Hydrogels, renowned for their biocompatibility and water-retaining properties, have become indispensable in wound care, drug delivery systems, and skincare products like face masks. However, their utility has been limited due to their relatively low mechanical strength, restricting their application in fields requiring durability. Fortunately, recent decades have witnessed significant progress in the development of high-strength hydrogels. Various strategies have been explored to bolster their mechanical properties, including the incorporation of covalent or ionic cross-linking, nanoparticles, and the construction of double networks (DNs). Yet, the manufacturing of these advanced hydrogels often presents challenges, impeding their widespread adoption. Additionally, they tend to be soft and lack a high initial stiffness, or elastic modulus. Presently, the construction of double networks stands out as the most effective method for achieving substantial strength [18,19,20]. Double networks involve the combination of two polymers that interact through chemical bonds, hydrophobic interactions, hydrogen bonding, or microcrystalline networks. These interactions contribute to superior mechanical strength compared to other methods, with initial moduli ranging from 0.2 to 1.0 MPa and compressive strengths of 20 to 60 MPa. However, there is a trade-off to consider. The strong interactions within double networks limit their free volume, thereby reducing their ability to absorb water. For instance, Yang et al. [21] developed a double-network hydrogel with impressive strength (initial modulus of 1.2 MPa, compressive strength of 60 MPa), but its low swelling ratio (around 100%) restricts its water absorption capabilities. In essence, scientists are striving to strike a balance between high-strength properties and excellent water absorption in hydrogels. This equilibrium is vital for expanding their applications across diverse fields [22].
The electrochemical performance of the flexible supercapacitor depends on both the electrode and electrolyte parts. And so, in recent years, gel electrolytes based on poly(vinyl alcohol) (PVA), such as PVA/LiCl, PVA/KOH, and PVA/H2SO4, have been widely used. More recently, to increase their conductivity and stretchability, polyacrylic acid (PAA)- and polyacrylamide (PAM)-based gel electrolytes have been synthesized.
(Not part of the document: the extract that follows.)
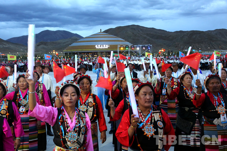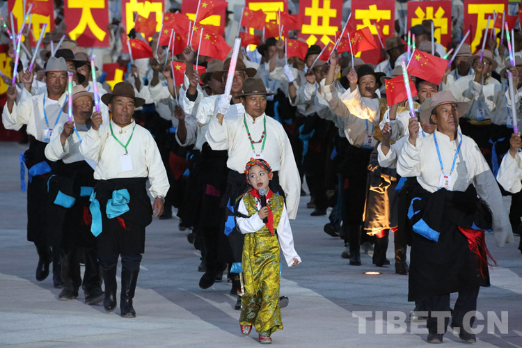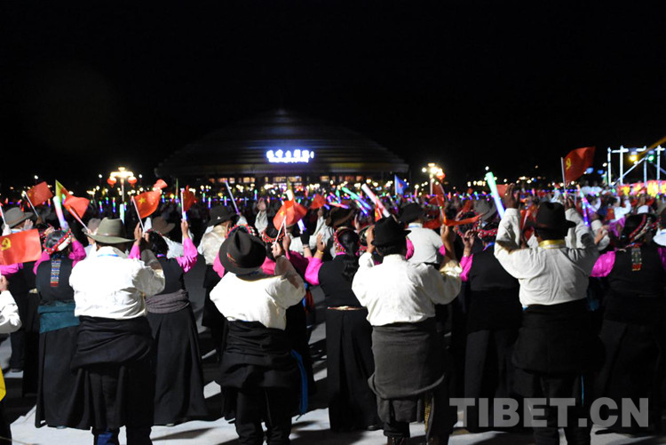 珠峰文創園區的聯歡活動分為(wei) 三個(ge) 章節,以《在燦爛的陽光下》《各族人民感恩黨(dang) 》《西藏人民齊歡唱》三首歌曲作為(wei) 開篇樂(le) ,來自日喀則各族各界的演員們(men) ,身著日喀則特色節日盛裝,在廣場中央,擺出數字“100”的造型,跳起歡快的鍋莊舞,在燈光的輝映下,造型美輪美奐。

Even though these electrolytes could solve the problem of stretchability, they still possess low conductivity. In the case of gel electrolytes based on ionic liquids, increased conductivity was observed but with low stretchability. Therefore, gel electrolytes with high conductivity and appreciable stretchability will be suitable for flexible SCs [2,3,4,5,6,7].
Expanding on previous investigations, we have pioneered the development of an innovative polymer gel electrolyte. This electrolyte amalgamates polyvinyl alcohol (PVA), acrylamide, and a novel benzoxazine monomer (Bzo) containing curcumin and stearylamine. Polybenzoxazines (PBzs) are an advanced form of phenol–formaldehyde resins, and has several advantages, including minimal water absorption, minimal shrinkage during formation, not requiring catalysts for polymerization, and maintaining its shape effectively. Moreover, its molecular structure can be tailored to suit specific applications. The synthesis process was carried out through a Mannich condensation reaction, resulting in the formation of a benzoxazine monomer capable of self-polymerization upon heating, forming a polybenzoxazine (PBz) structure rich in hydroxyl (–OH) and amine (–NH2) groups. Upon carbonization, a polybenzoxazine based carbon (PBzC) is produced, which then integrates seamlessly with PVA and acrylamide, giving rise to a robust PVA/polyacrylamide/PBzC hydrogel. The stability of this hydrogel is underpinned by strong hydrogen-bonding interactions between the –OH groups of PVA, the –C=O and –NH2 groups of polyacrylamide, and the hetero-atoms of PBzC. Additionally, the presence of hetero-atoms in PBzC and polyacrylamide enhances their affinity for PVA, further reinforcing the hydrogel’s structural integrity. The performance of this composite hydrogel was investigated in a three-electrode system. Through detailed electrochemical analysis, the performance of this composite hydrogel, as well as its energy-storage capabilities and stability under various conditions, have been characterized and discussed extensively.

2. Materials and Methods

2.1. Materials

Curcumin, stearylamine, and paraformaldehyde were procured from Sigma-Aldrich (St. Louis, MO, USA). Dimethyl sulfoxide (DMSO), N,N-dimethylacetamide (DMAc), and sodium hydroxide (NaOH) were provided by Duksan Chemicals Co., Ltd., Ansan-si, Republic of Korea. Polyvinyl alcohol (PVA) with a molecular weight (Mw) range of 146,000−186,000 and ammonium persulfate (APS, 99%) were sourced from Daejung Chemical Company, Ltd., Seoul, Republic of Korea. Acrylamide (AAm), N,N′-methylenebisacrylamide (MBA, 99%), and hydrochloric acid (HCl, 35%) were purchased from Alfa Aesar. All chemicals were utilized without further purification.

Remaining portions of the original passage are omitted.